To date, our understanding of the role of carotenoids in asthma is limited by the absence of data on airway carotenoid levels.

The relationship between airway and circulating bio-markers of antioxidant defense is unknown. In fact, a recent report has indicated that for some biomarkers, blood levels do not represent what is happening at the airway surface (Improved antioxidant and fatty acid status of patients with cystic fibrosis after antioxidant supplementation is linked to improved lung function; Lisa G. Wood et al; Am J Clin Nutr 2003; 77:150-9). Thus analysis of oxidative stress and antioxidants in asthma should examine both circulating and airway biomarkers. The study was done to characterize circulating and airway levels of carotenoids in asthma compared to healthy controls, in relation to dietary intake. The study also tested whether airway lutein levels in healthy controls can be improved using oral supplements.

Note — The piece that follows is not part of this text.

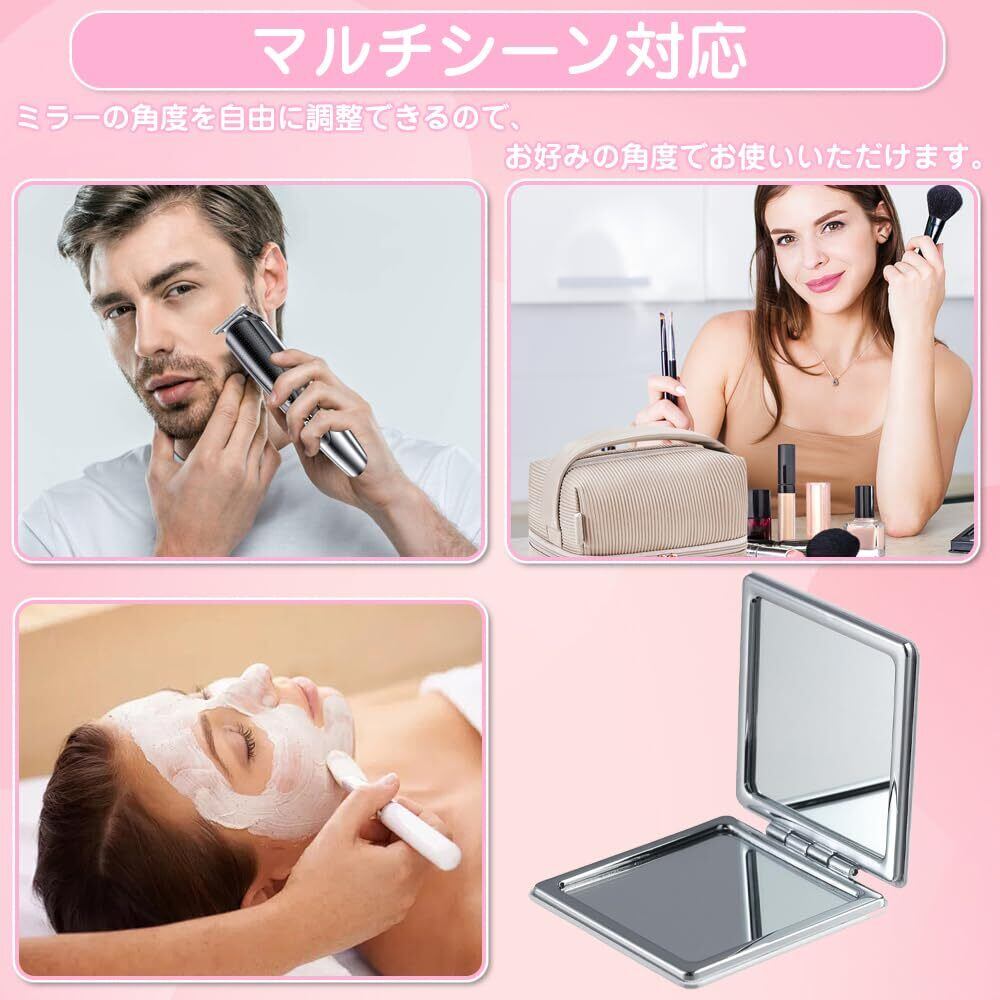手鏡折畳み コンパクトミラー 携帯ミラー 両面鏡 超軽量 人気 おしゃれ 角度調整可(1個/方形)

It was found that there were reduced levels of total carotenoids and all individual carotenoids measured, including lycopene, lutein, β-cryptoxanthin, α-carotene and β-carotene, in the whole blood of asthmatics versus healthy controls. It is uncertain why this deficiency was only observed in whole blood and not plasma or induced sputum. It is possible that this is related to the role of carotenoids in protecting erythrocyte membranes from oxidation. This is the first study to report levels of carotenoids in induced sputum. Induced sputum carotenoid levels were significantly lower than the concentrations in whole blood and plasma. Data presented from this study confirms that carotenoid status is disturbed in asthma. This study also demonstrated that while bioavailability is a significant issue when using carotenoids as supplements, improvements in plasma levels are reflected in the airways, where lutein has the most potential to achieve a biochemical and clinical effect.

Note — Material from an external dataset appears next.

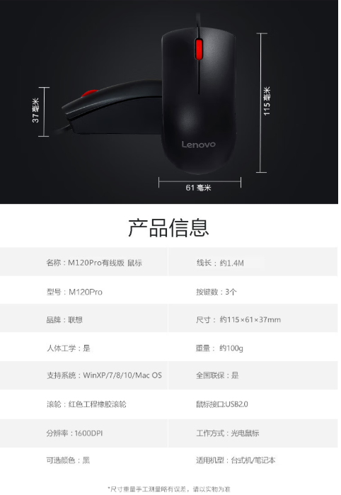 联想/LENOVO M120Pro 鼠标 有线鼠标 单位:个

Lysolecithins have been shown to have variety of biological actions, all centered around modification of cell permeability such effects include transfer of both cations and large molecules across cell membrane in cultured cell lines (Protective effects of D,L-camitine against arrhythmias induced by lyso phosphatidylcholine or reperfusion; Duan J, Moffat M P; Eur J Pharmacol. Jan. 17, 1991;192(3):355-63).

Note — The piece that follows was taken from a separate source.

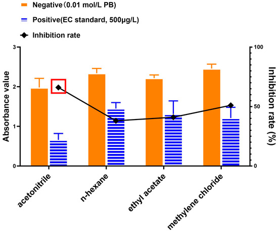 In accordance with the results of previous research [9,14,24,27], acetonitrile, n-hexane, ethyl acetate, and methylene chloride were selected in this study to explore their extraction efficiency for EC. Specifically, 1 mL of standard solution (EC, 500 μg/L) was mixed with 2 mL of the extraction solvent for the positive wells (when acetonitrile was used, sodium chloride would be added in the extraction system) and 0.01 mol/L PB was used for the negative wells. Following dissolution by vortex mixing for 1 min and sonication for 15 min, 1 mL of the organic phase was aspirated and dried under a gentle stream of nitrogen gas at 60 °C. The residue was reconstituted to 1 mL with 0.01 mol/L PB solution. The rest of the analytical steps were similar to those mentioned in the sections of “Extraction“ and “ELISA testing procedures”. The absorbance value of the wells free of EC (Amax) and the inhibitory effect/ratio were used to interpret the results. For evaluation of the inhibitory effect/ratio, an inhibitory curve was established by setting the logarithmic values of the EC standard concentrations as the values of x-axis, and the B/B0 as the values of y-axis. In this study, B/B0 typically represents the ratio of absorbance in the samples with the concentrations of EC as same as those without EC. The inhibition effect was calculated as follows: Inhibition rate (%) = (1 − B/B0) × 100.

It was later concluded that lysophosphatidylcholine induces expression of adhesion molecules; however, the underlying molecular mechanisms of this are not well elucidated (Upregulation of endothelial adhesion molecules by lysophosphatidylcholine: Involvement of G protein-coupled receptor GPR4 ; Yani Zou; FEBS Journal, Volume 274, Number 10, March 2007, pp. 2573-2584(12)). In this study, the intracellular signaling by which lysophosphatidylcholine was shown to up-regulate vascular cell adhesion molecule-1and P-selectin was delineated using YPEN-1 and HEK293T cells. The results showed that lysophosphatidylcholine dose-dependently induced expression of vascular cell adhesion molecule-1 and P-selectin, accompanied by the activation of transcription factor nuclear factor κB. However, the nuclear factor κB inhibitor caffeic acid phenethyl ester (CAPE) and the antioxidant N-acetylcysteine only partially blocked lysophosphatidylcholine-induced adhesion molecules. Subsequently, it was found that the lysophosphatidylcholine receptor G protein-coupled receptor 4 (GPK4) was expressed in YPEN-1 cells and triggered the cAMP/protein kinase A/cAMP response element-binding protein pathway, resulting in upregulation of adhesion molecules. Further evidence showed that overexpression of human GPK4 enhanced lysophosphatidylcholine-induced expression of adhesion molecules in YPEN-1 cells, and enabled HEK293T cells to express adhesion molecules in response to lysophosphatidylcholine. In conclusion, the current study suggested two pathways by which lysophosphatidylcholine regulates the expression of adhesion molecules, the lysophosphatidylcholine/nuclear factor-κB/adhesion molecule and lysophosphatidylcholine/GPK4/cAMP/protein kinase A/cAMP response element-binding protein/adhesion molecule pathways, emphasizing the importance of the lysophosphatidylcholine receptor in regulating endothelial cell.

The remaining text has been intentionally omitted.